Alexandra Nava-Baltimore

Tango dancers Walter Perez and Leonardo Sardella perform at Upper School Chapel on October 5th, 2018.

Hispanic Heritage Month, celebrated every year since 1988, exposes the United States to how multifaceted Hispanic culture is, and challenges existing stereotypes of Hispanic people.

According to the US House of Representatives: History, Art, and Archives, it began as merely a week in 1968 but was ultimately expanded to a month in 1988.  Hispanic Heritage Month begins September 15th as a way to celebrate the anniversary of the independence of Costa Rica, El Salvador, Guatemala, Honduras, and Nicaragua, who all declared independence in 1821.  Many other countries in Latin America also have independence days in September. In addition to this, October 12th is the “Dia de la Hispanidad,” or the National Day of Spain, marking Christopher Columbus’ arrival to the North American continent in 1492.  

Upper School Spanish teacher Ronald Sarcos said that Hispanic Heritage Month is a “way to raise awareness and to recognize the population that is growing, not only in numbers but also politically, artistically, culturally in this country.  It is a way to recognize and celebrate.”

“We can be more political now in this month,” added Upper School Spanish teacher Maite Iracheta.  “[People often try to] make this country be a white dream.” However, she said that it’s important to remember that the United States was “inhabited by native tribes and groups” and that a lot of “the territory was Mexican territory.”  

The growing hostility under the Trump administration towards the Hispanic Community makes it even more important that this month is properly honored. Poly celebrated in a number of ways. Events were held throughout the month on Wednesdays, and on October 5th, there was an assembly featuring a tango performance.

At the first Wednesday production on October 3rd, Iracheta, along with fellow Upper School Spanish teachers Gabriel Rubinson, and Teresa Calvo Martinos, showed three short films to students and faculty in the Library. This included a Bolivian film called “Abuela Grillo,” an Argentine film called “Relatos Salvajes,” and a Spanish film called “Pipas”. Afterward, there was a discussion regarding the themes of each film and how they related to Hispanic culture.  The second Wednesday production was a discussion about the United States’ relationship with Puerto Rico.

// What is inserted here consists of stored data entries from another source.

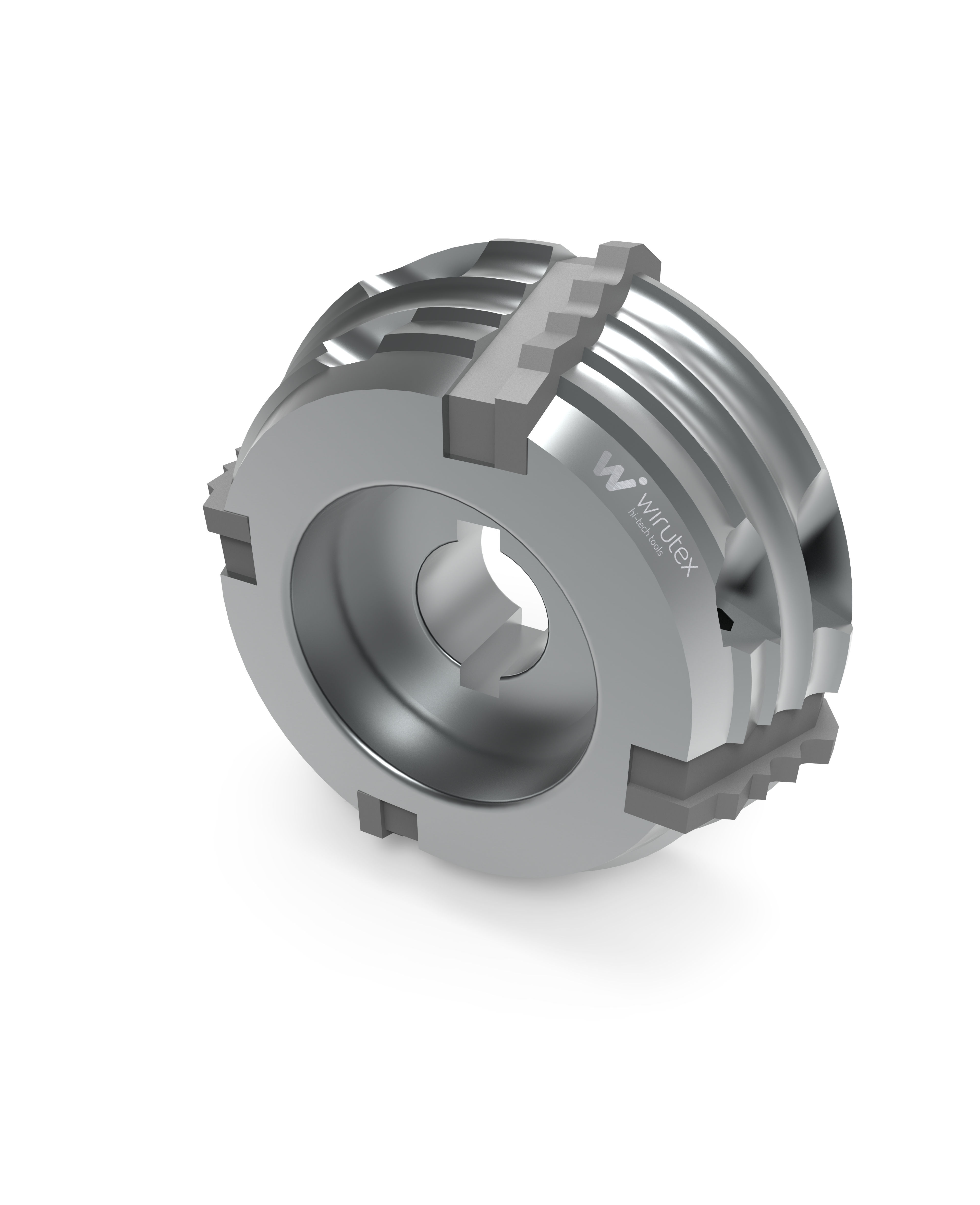 Fresa a fissaggio meccanico con coltelli intercambiabili in HW, per refilatura bordi su motori inclinabili.
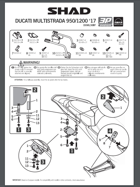 Stelaż pod kufry boczne SHAD D0ML98IF 3P System - Ducati Multistrada 950/S (17-24) / 1200/Enduro (16-24) / 1260/Enduro (18-24) / V2 (23-24)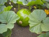 Green Squash has grow well during the hot weather, almost perfect round shape so far. Two others are now set on the plant so may remove one when I am sure which is the stronger.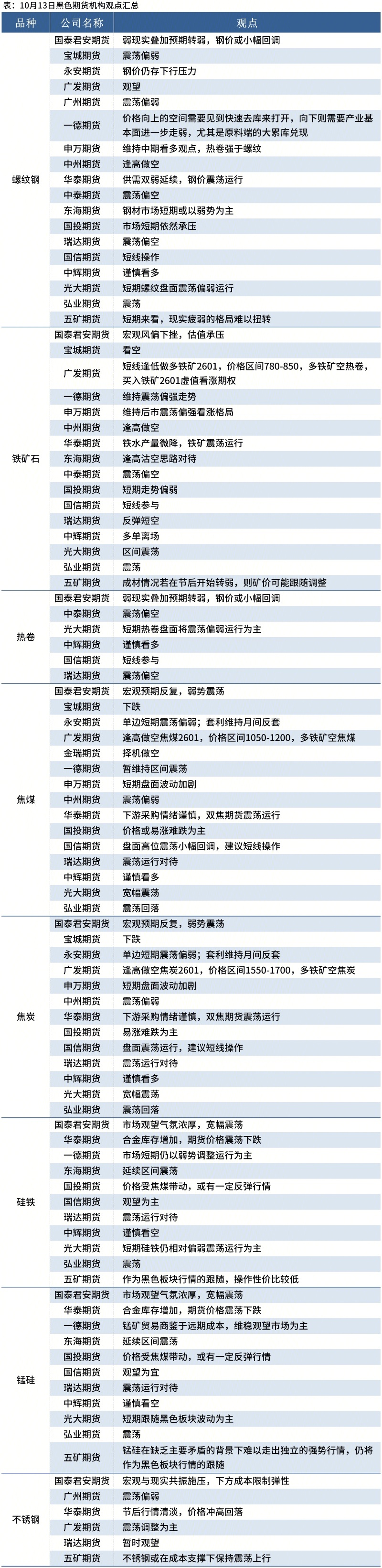 Mysteel统计10月13日18家期货机构操作策略,其中多数机构料螺纹钢震荡偏弱,铁矿石震荡运行。具体汇总内容如下:

The assembly on October 5th was led by Poly’s “Club Unidad” and hosted by Seniors Elena Diaz, Keyna Mecias, and Daniel Wallace and Junior Rebeka Cabrera. It started with an introduction by Iracheta. Following Iracheta, there was a short introduction from Cabrera, who acts as one of the club’s presidents. Cabrera read a short poem about American beauty standards and the difficulty of fitting into predetermined standards as a Hispanic woman.

Cabrera said, “Club Unidad is an affinity group at Poly that focuses on the issues, experiences, and culture of Hispanic/Latinx people—our issues, experiences, and culture… It means a lot to the club as a whole and to me personally to have the opportunity to share our pride and culture with the rest of the Poly community.” The club said that all are welcome to their meetings and thanked the community for being a great audience and for giving them the opportunity to spread their message in Assembly.

After Cabrera, Rubinson introduced the acclaimed tango duo of Walter Perez and Leonardo Sardella, who put a modern twist on the traditional performance. While many people are familiar with flamenco and salsa dance, the sharp movements of tango are less commonly known. Sarcos said that it “opened peoples minds to how multifaceted Latino culture can be.”

Continuing with the arts of the Hispanic Community, Upper School Spanish teacher Jose A. Oliveras read excerpts of his poetry, accompanied by performing arts teacher Simone Ferraresi on the piano and performing arts teacher Carrie Dowell on the violin.

Seniors Juan Santos and Pepe Villamil also presented their works. Villamil shared part of his common application essay about his identity, and how his family celebrates the culture.  Although Santos could not attend the Chapel in person, Unidad played a recording of his music.

Santos said, “Hispanic Heritage Month is a great way for students to learn about the Hispanic culture that they are not often exposed to. I also enjoy Hispanic Heritage Month because it expands the horizons of what it means to be Hispanic. When someone says Hispanic, a lot of people often associate the Mexican nationality with it. Having a month dedicated to learning more about the Hispanic culture allows this stereotype to decrease in magnitudes.”

Overall, it is important that both the Poly community and the entire country recognize the way that Hispanic Americans have shaped this country.